══ Data for this exercise ══
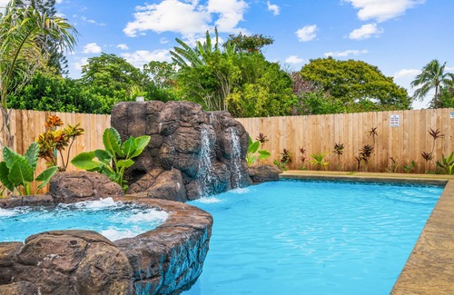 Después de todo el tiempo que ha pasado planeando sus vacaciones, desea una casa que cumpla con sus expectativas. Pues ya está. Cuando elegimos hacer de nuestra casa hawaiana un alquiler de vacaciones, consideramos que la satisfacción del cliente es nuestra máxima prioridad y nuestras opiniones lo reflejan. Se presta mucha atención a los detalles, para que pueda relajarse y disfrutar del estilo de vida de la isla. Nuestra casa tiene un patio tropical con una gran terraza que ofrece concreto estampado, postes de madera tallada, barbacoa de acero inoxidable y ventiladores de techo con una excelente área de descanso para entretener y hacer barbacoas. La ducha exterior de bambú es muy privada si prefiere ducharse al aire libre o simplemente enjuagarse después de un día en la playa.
═══
══ Data for this exercise ══
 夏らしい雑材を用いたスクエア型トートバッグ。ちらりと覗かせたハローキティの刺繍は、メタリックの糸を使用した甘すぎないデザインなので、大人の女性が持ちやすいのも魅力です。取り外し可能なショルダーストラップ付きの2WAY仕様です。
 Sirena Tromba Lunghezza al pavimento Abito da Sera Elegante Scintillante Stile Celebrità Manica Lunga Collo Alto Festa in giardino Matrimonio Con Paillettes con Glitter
═══
Taking the entries above, write out exactly the lines starting with the line containing "夏らしい雑材を用いたスクエア" and going on through the line containing "Sirena Tromba Lunghezza", both included, and nothing else.

 夏らしい雑材を用いたスクエア型トートバッグ。ちらりと覗かせたハローキティの刺繍は、メタリックの糸を使用した甘すぎないデザインなので、大人の女性が持ちやすいのも魅力です。取り外し可能なショルダーストラップ付きの2WAY仕様です。
 Sirena Tromba Lunghezza al pavimento Abito da Sera Elegante Scintillante Stile Celebrità Manica Lunga Collo Alto Festa in giardino Matrimonio Con Paillettes con Glitter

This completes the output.